Directions :: Your output should be the line with "Square-profile hoop earrings" followed by every remaining line of the entries, reproduced exactly.

Records drawn from a dataset:
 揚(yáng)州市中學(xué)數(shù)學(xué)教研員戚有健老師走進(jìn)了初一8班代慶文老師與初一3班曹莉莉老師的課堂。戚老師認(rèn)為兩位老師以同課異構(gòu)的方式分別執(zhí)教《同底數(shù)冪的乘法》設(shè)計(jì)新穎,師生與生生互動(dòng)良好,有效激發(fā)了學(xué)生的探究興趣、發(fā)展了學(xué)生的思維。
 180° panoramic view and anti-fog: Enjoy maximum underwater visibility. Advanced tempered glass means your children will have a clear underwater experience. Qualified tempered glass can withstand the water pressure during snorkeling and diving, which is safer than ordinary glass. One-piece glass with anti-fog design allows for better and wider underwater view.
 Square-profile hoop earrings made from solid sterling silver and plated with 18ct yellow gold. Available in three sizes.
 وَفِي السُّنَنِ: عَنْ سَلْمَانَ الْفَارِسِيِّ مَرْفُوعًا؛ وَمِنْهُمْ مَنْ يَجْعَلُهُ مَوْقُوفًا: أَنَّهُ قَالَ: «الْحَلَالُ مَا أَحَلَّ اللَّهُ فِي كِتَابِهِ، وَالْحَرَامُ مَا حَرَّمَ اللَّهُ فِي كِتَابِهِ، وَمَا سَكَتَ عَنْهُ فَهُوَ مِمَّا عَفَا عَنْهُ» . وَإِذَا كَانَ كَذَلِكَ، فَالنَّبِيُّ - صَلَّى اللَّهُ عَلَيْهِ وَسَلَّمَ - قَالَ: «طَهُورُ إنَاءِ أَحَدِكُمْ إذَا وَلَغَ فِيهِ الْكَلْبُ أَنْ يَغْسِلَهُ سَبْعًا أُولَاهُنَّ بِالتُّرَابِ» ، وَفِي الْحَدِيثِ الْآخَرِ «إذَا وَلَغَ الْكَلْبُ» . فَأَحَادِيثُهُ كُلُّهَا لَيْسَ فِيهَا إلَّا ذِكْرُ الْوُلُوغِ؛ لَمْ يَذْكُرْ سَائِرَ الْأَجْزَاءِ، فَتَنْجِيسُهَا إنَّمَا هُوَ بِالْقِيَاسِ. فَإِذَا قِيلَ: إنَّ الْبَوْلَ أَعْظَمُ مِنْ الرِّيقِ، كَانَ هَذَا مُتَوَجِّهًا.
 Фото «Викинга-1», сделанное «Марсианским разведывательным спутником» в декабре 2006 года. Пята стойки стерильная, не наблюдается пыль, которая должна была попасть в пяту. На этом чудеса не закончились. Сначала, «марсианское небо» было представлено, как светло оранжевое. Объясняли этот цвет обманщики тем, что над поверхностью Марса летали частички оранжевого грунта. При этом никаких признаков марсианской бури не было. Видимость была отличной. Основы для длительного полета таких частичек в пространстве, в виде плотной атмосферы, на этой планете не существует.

Task answer ::
 Square-profile hoop earrings made from solid sterling silver and plated with 18ct yellow gold. Available in three sizes.
 وَفِي السُّنَنِ: عَنْ سَلْمَانَ الْفَارِسِيِّ مَرْفُوعًا؛ وَمِنْهُمْ مَنْ يَجْعَلُهُ مَوْقُوفًا: أَنَّهُ قَالَ: «الْحَلَالُ مَا أَحَلَّ اللَّهُ فِي كِتَابِهِ، وَالْحَرَامُ مَا حَرَّمَ اللَّهُ فِي كِتَابِهِ، وَمَا سَكَتَ عَنْهُ فَهُوَ مِمَّا عَفَا عَنْهُ» . وَإِذَا كَانَ كَذَلِكَ، فَالنَّبِيُّ - صَلَّى اللَّهُ عَلَيْهِ وَسَلَّمَ - قَالَ: «طَهُورُ إنَاءِ أَحَدِكُمْ إذَا وَلَغَ فِيهِ الْكَلْبُ أَنْ يَغْسِلَهُ سَبْعًا أُولَاهُنَّ بِالتُّرَابِ» ، وَفِي الْحَدِيثِ الْآخَرِ «إذَا وَلَغَ الْكَلْبُ» . فَأَحَادِيثُهُ كُلُّهَا لَيْسَ فِيهَا إلَّا ذِكْرُ الْوُلُوغِ؛ لَمْ يَذْكُرْ سَائِرَ الْأَجْزَاءِ، فَتَنْجِيسُهَا إنَّمَا هُوَ بِالْقِيَاسِ. فَإِذَا قِيلَ: إنَّ الْبَوْلَ أَعْظَمُ مِنْ الرِّيقِ، كَانَ هَذَا مُتَوَجِّهًا.
 Фото «Викинга-1», сделанное «Марсианским разведывательным спутником» в декабре 2006 года. Пята стойки стерильная, не наблюдается пыль, которая должна была попасть в пяту. На этом чудеса не закончились. Сначала, «марсианское небо» было представлено, как светло оранжевое. Объясняли этот цвет обманщики тем, что над поверхностью Марса летали частички оранжевого грунта. При этом никаких признаков марсианской бури не было. Видимость была отличной. Основы для длительного полета таких частичек в пространстве, в виде плотной атмосферы, на этой планете не существует.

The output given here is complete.